Another issue with the use of maximally entangled states in the definition of ρ_U is that the QMI of a bipartite state of the form $(\Phi\otimes I)\mathbb{P}[\vert \Psi^+\rangle]$ quantifies the entanglement-assisted classical transmission rate through the channel Φ [40]. That is to say, $I(A:B)_{\rho_\Phi}$ with $\rho_\Phi\equiv(\Phi\otimes I)\mathbb{P}[\vert \Psi^+\rangle]$ quantifies how much classical information can be sent through the channel, under the assumption that sender and receiver share the entangled state $\vert \Psi^+\rangle$ [41]. It follows that the QMIs in $I_3(\rho_U)$ quantify correlations between input and outputs that are only accessibles assuming these share entangled states, and thus so does $I_3(\rho_U)$. However, in most contexts where QIS is studied, this is not the case. Rather, one is interested in how much information is recoverable from the outputs, without assuming additional knowledge of correlation between them.

Finally, for any unitary U, we have $I_3(\rho_U)\unicode{x2A7D} 0$, which implies that the sign of $I_3(\rho_U)$ does not give useful information in such cases. To see this, given any state of the form equation (9), observe that the reduced states on RM and CD are always product states, and the entropies satisfy

$$\begin{equation} \begin{gathered} S(CDR)=S(M), \\ S(CD) = S(RM) = S(R)+S(M). \end{gathered} \end{equation} \tag{ 10 }$$

It follows that I₃ reads

$$\begin{equation} I_3(CDR) = S(C) + S(D) - S(RC) - S(RD), \end{equation} \tag{ 11 }$$

and thus, using the strong subadditivity of the von Neumann entropy, we always have $I_3(CDR)\le0$. A similar argument was presented in [42]. This is similar to known results in the context of holography: assuming the Ryu–Takajanagi formula holds [43], the tripartite information is always negative in gravitational theories with holographic duals [31]. This feature is dubbed 'monogamy of holographic mutual information' and is considered evidence that quantum gravity should possess some scrambling features.

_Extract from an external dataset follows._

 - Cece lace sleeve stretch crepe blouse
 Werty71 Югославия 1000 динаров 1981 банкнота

Example with perfect tensors — A particularly clear way to see that highly negative values of I₃ might not correspond to scrambling dynamics, is to consider a unitary $U:\mathbb{C}^d\otimes\mathbb{C}^d\to \mathbb{C}^d\otimes\mathbb{C}^d$, for some odd d, derived from a four-party perfect tensor, of the form [42]:

$$\begin{equation} U \vert i\rangle\vert j\rangle = \vert i+j\rangle \vert i-j\rangle, \end{equation} \tag{ 12 }$$

where all arithmetics is modulo d. The corresponding state ρ_U gives $I_3(\rho_U) = -2\log d$, which might lead to the conclusion that U maximally scrambles input information. However, if classical information is encoded in the choice of $\vert i\rangle$, fixing the value of $\vert j\rangle$, then local measurements can reliably recover the input information. For example, if we fix j = 0, the evolution reads

$$\begin{equation} U \vert i,0\rangle = \vert i\rangle\vert i\rangle. \end{equation} \tag{ 13 }$$

This shows that there is a way to encode classical information in the input states, such that said information is perfectly recoverable from local measurements of the output.

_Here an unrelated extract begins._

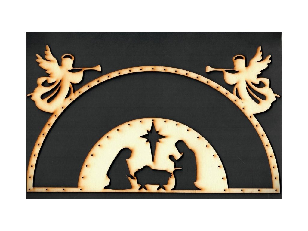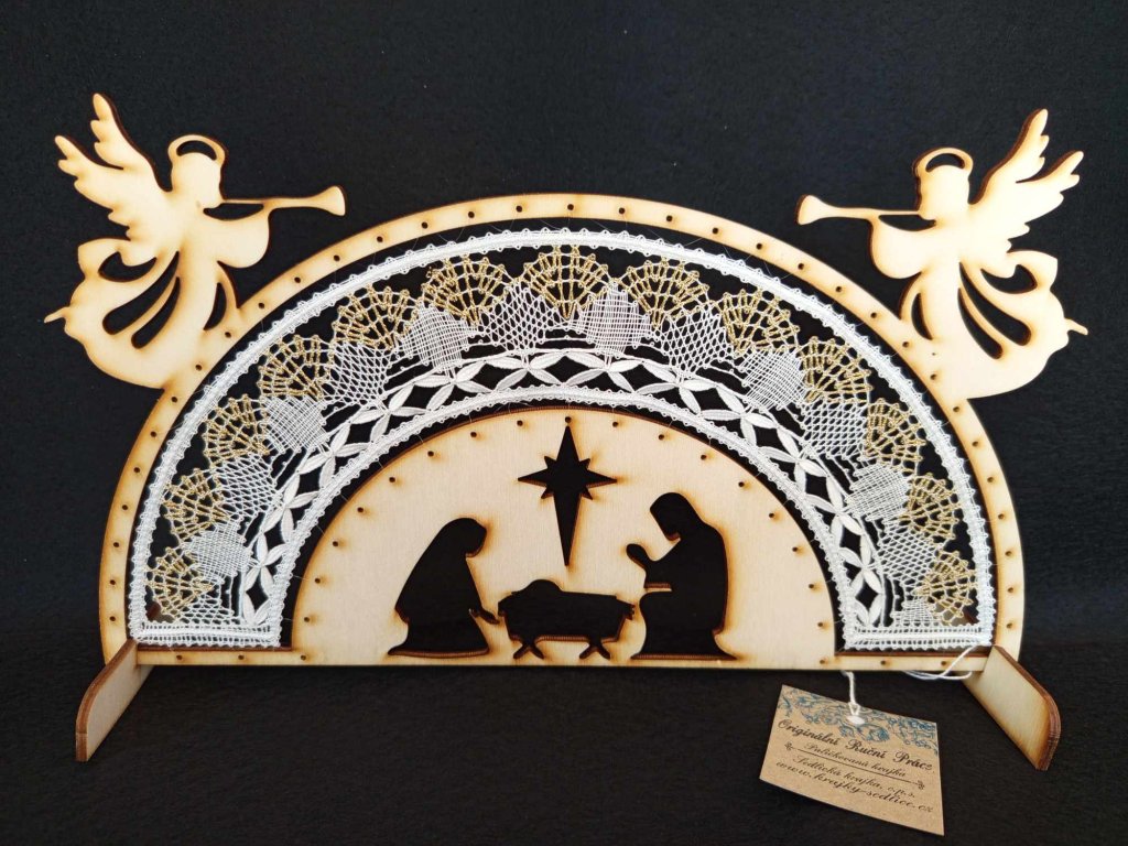 Překližkový výřez určený pro dekorování paličkovanou krajkou. Vhodný pro zavěšení do okna nebo se nechá postavit (součástí jsou i malé "nožičky"). Celková velikost betlému: 17 x 29,5 cm. Pro uchycení krajky, doporučujeme použít jemný vlasec nebo silonové vlákno - Nylon. Barva: přírodní (viz foto).
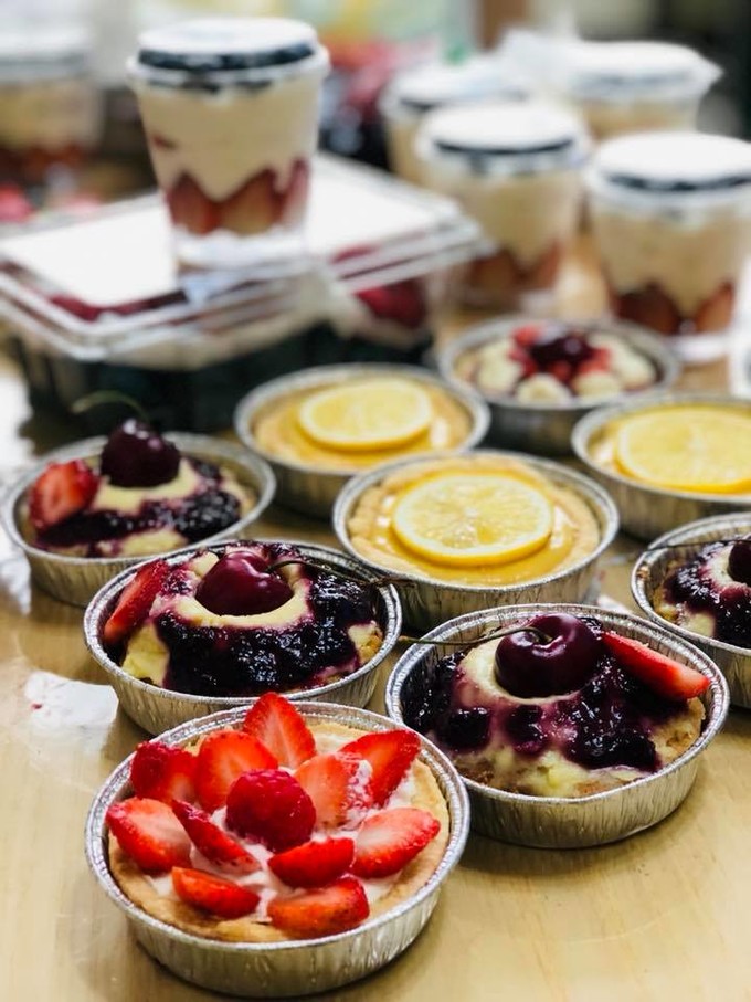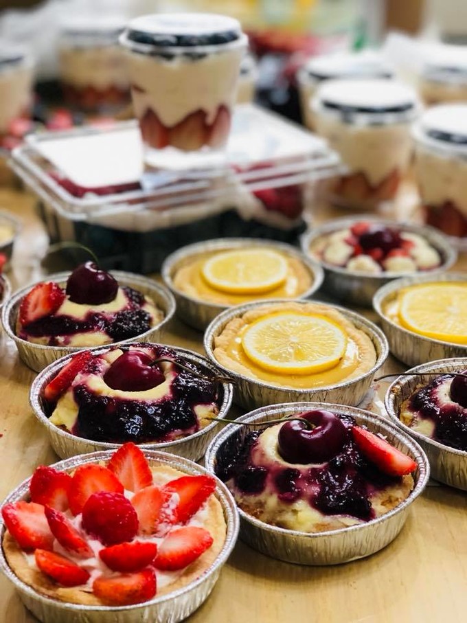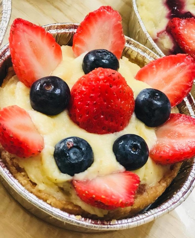 以杏仁奶油餡為底,再抹上滿滿香草卡士達,最後淋上綜合莓果醬,並使用智利進口新鮮黑櫻桃搭配草莓片裝飾

An alternative way to use the tripartite information to quantify QIS of a unitary U, used in [5, 6], is to focus on correlations with respect to a single input system, using a setup like the one in figure 2. In this approach, given a unitary $U_{AB\to CDE}:\mathcal{H}_A\otimes\mathcal{H}_B\to\mathcal{H}_C\otimes\mathcal{H}_D\otimes\mathcal{H}_E$, the goal is to investigate how information in the input state propagates and is recoverable from different outputs defining a tripartition of the output modes, as shown in figure 2. Given the four-partite state

$$\begin{equation} \vert \psi\rangle_{RCDE} \equiv (U_{AB\to CDE}\otimes I_R) (\vert \Psi^+\rangle_{AR}\otimes \vert 0_B\rangle), \end{equation} \tag{ 14 }$$

with $\vert 0_B\rangle$ some fixed input state in the mode B, the QIS is quantified via

$$\begin{equation} I_3(R:C:D) \equiv I_3(\mathrm{Tr}_E(\mathbb{P}_{\psi})). \end{equation} \tag{ 15 }$$

The state $\vert \psi\rangle_{RCDE}$ can also be equivalently defined via an isometry $V_{A\to CDE}$ as

$$\begin{equation} \vert \psi\rangle_{RCDE} \equiv (V_{A\to CDE}\otimes I_R) \vert \Psi^+\rangle_{AR}. \end{equation} \tag{ 16 }$$

The corresponding QIS is then defined analogously to the previous case, as $I_3(R:C:D) = I_3(\rho_V)$ where $\rho_V = \mathrm{tr}_E(\mathbb P_\psi)$.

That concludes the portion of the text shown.